According to a US historical pattern, the President’s party almost always loses its majority Congress seats in the Midterm vote,

however, this time the Democrats hope to contain the damage and keep a hold on at least one House. New York State’s primary elections would appear to prove them right: they won in otherwise deemed Republican-leaning precincts.

The issues of abortion and education are bound to have a major impact on the elections.

After the Supreme Court overturned the Roe vs. Wade ruling that guaranteed federal constitutional right to abortion, Democrats have made abortion protection a major campaign issue, thus garnering votes and support even in conservative States such as Kansas, where constituents rejected a proposed amendment to the State’s pregnancy law. Republicans have taken no significant position on the issue, with some candidates declaring themselves pro-life but against a national ban on abortion. By contrast, in Florida, the Republican stance on education that should be decided by parents and not by school districts, especially with regard to questions of gender, sexual orientation, and faith, is holding sway. The campaign started by Governor DeSantis and embraced by many conservative candidates in the Midwest States proved successful, including in the party primaries.

According to the conservative Wall Street Journal, the hopes of a Republican victory are bound to be dashed by the Trump factor,

especially given the FBI’s search of the former president’s estate, where classified documents that should have been handed over to the National Archives were found. While the sloppy, uncooperative and even irresponsible behaviour of withholding highly classified documents is motivating the Democrats in their election campaign, Mr Trump is not expected to face criminal indictment for the ”mishandling of documents”. Conversely, he risks being made into ”a political martyr” by his political base. After several days of strained talks between the Justice Department and a Federal judge over whether the FBI’s statement on the necessity of the search should be published, the released version expresses only a strong concern that the documents will end up in the wrong hands, yet no crime is currently being charged against the former US president, who is currently the focus of the Commission of Inquiry’s investigation into the storming of Capitol Hill on January 6, when Trump incited his hard-line supporters to confrontation by refusing to accept the outcome of the vote and work to overturn it instead.
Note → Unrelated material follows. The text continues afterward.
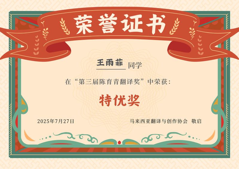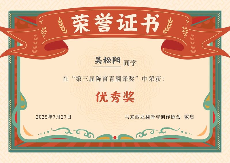 本届翻译比赛吸引了来自中国和马来西亚的翻译爱好者和高校师生,共计收到48篇参赛作品,分为马来西亚组和国际组两个组别。评委会根据翻译准确度(50%)及语言风格(50%),从两个组别分别选出6名获奖者,其中一名特优奖、两名优秀奖及三名佳作奖。开云(中国)2024级国别和区域研究(东南亚文化方向)硕士研究生王雨菲的译作《远方的巨塔》获特优奖,2021级马来语专业学生吴松阳的译作《寻常一日》获优秀奖。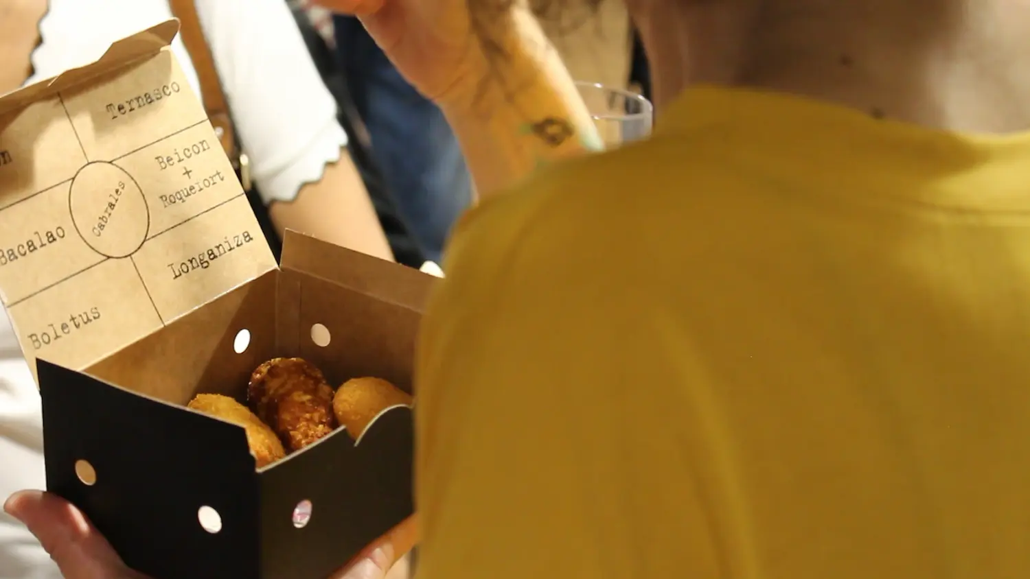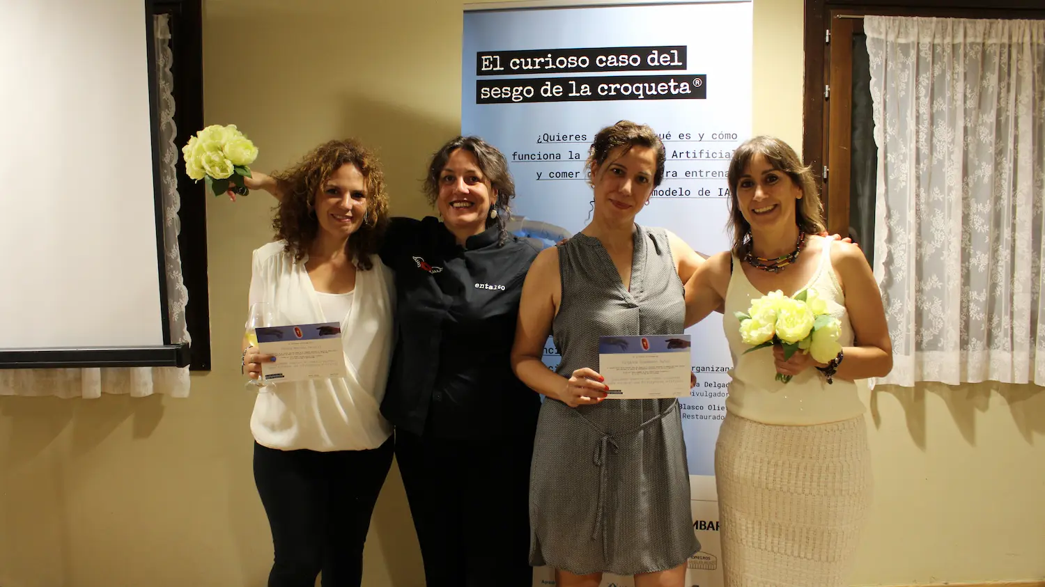 Y como no! Después de charlar un poco acerca del proyecto, sesgos, IA, IE… Pasamos a repartir las cajas negras con los 6 sabores de croquetas de el entalto, así que, como en la 1ª ingesta, cada participante, mediante un formulario al que se accedía mediante un QR, asoció una emoción básica a cada sabor. Con estos resultados seguiríamos entrenando al modelo de IA.

If the term ‘unique’ were to be used in these elections, it should be applied to the overwhelming presence of a defeated former president

who is still trying to conquer the political stage and overthrow the very party that brought him victory in the 2016 election.

For Tania Christina Tetlow, the first woman and layperson to be president of Fordham University, the Jesuit university in New York,

there have always been two competing instincts in American political values that are at play in the Midterm elections: individualism and communitarianism.

“Individualism drives the search for opportunity and human freedom while communitarianism defines a common good and teaches us civic virtue,” Tetlow explains in the Jesuit review “America.” While the balance of these values has served the country well in its development, Fordham’s president argues, “right now, unchecked individualism is trouncing our communitarian norms, poisoning our political discourse with unfettered selfishness that refuses to see our neighbours as one human family, deserving of respect and dignity,” while the US needs those common values to push back against growing movements of hatred and political violence that are undermining not only the Midterm elections, but also the country’s democratic foundations.